In the material below, find the line with "Moroccan Mint Lattice"; set down that line and every line after it to the end, exactly, without pictures.

§ **DATA BELOW**
□ □ □ □ □ □ □
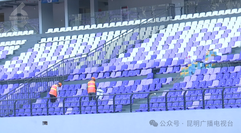 8099999记者 肖雨迪:“我现在就在拓东体育场内,目前场馆草皮,跑道铺设有条不紊的进行中,可以满足国际综合赛事需求,一大亮点就是蓝花楹主题看台与赤红色的体育场相得益彰,凸显大气不失灵动而时尚。”
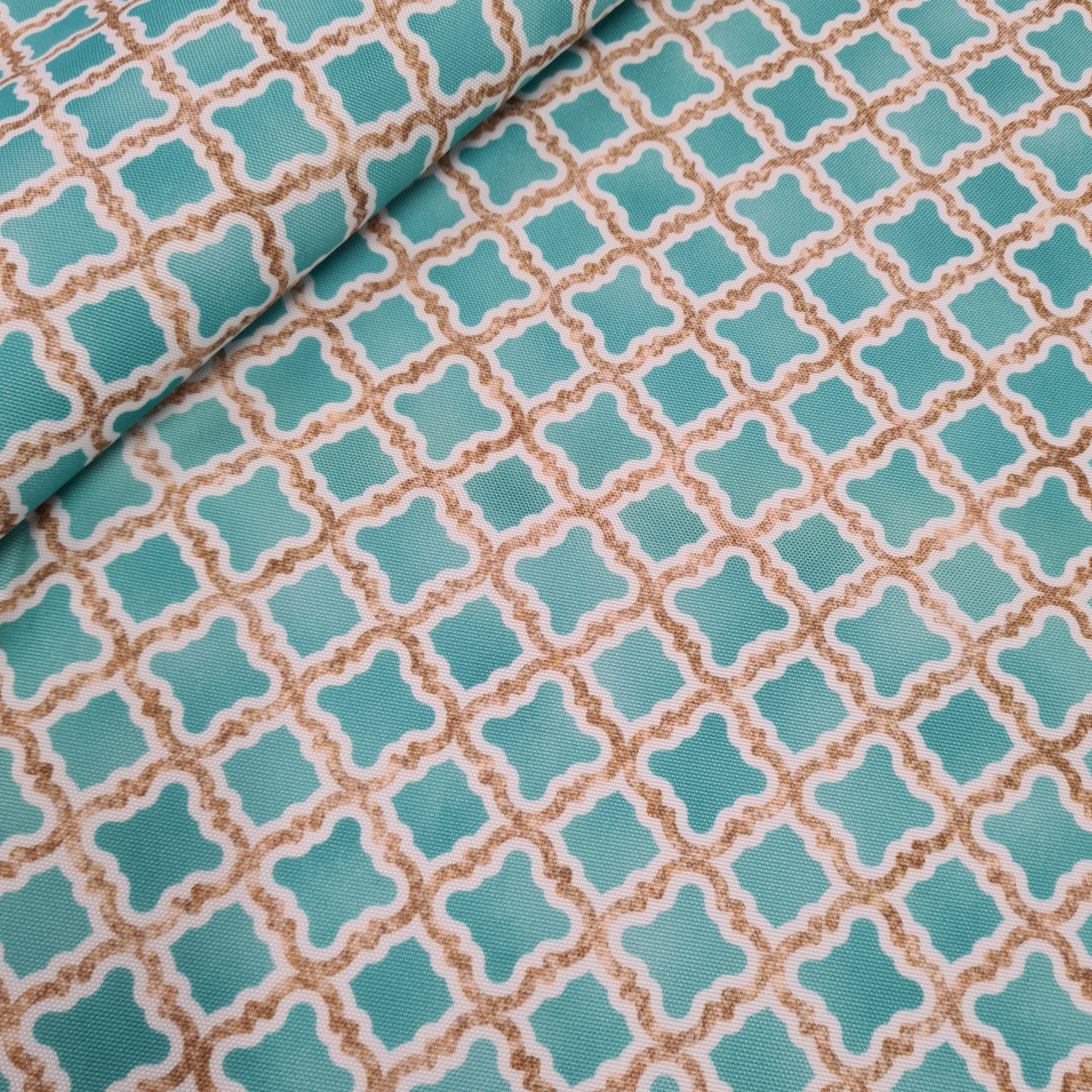 Moroccan Mint Lattice UV Resistant Waterproof Canvas, remnant 50cm
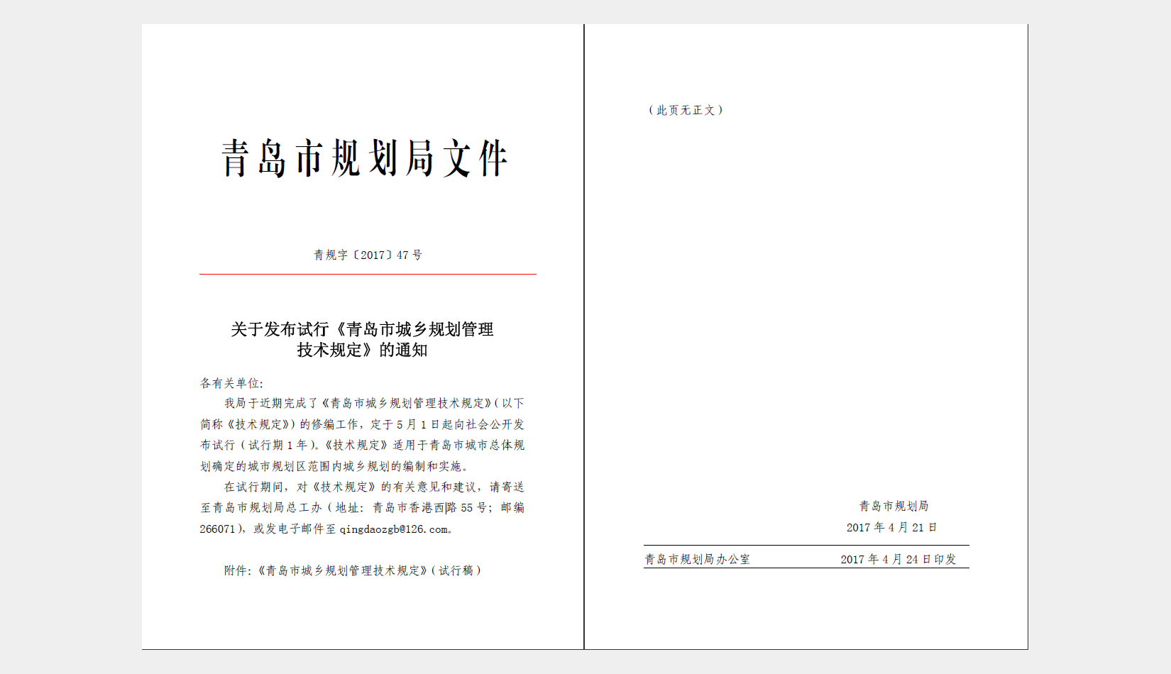 • Revision of The Technical Provisions on Urban and Rural Planning administration of Qingdao
□ □ □ □ □ □ □
§ **SOLUTION**
 Moroccan Mint Lattice UV Resistant Waterproof Canvas, remnant 50cm
 • Revision of The Technical Provisions on Urban and Rural Planning administration of Qingdao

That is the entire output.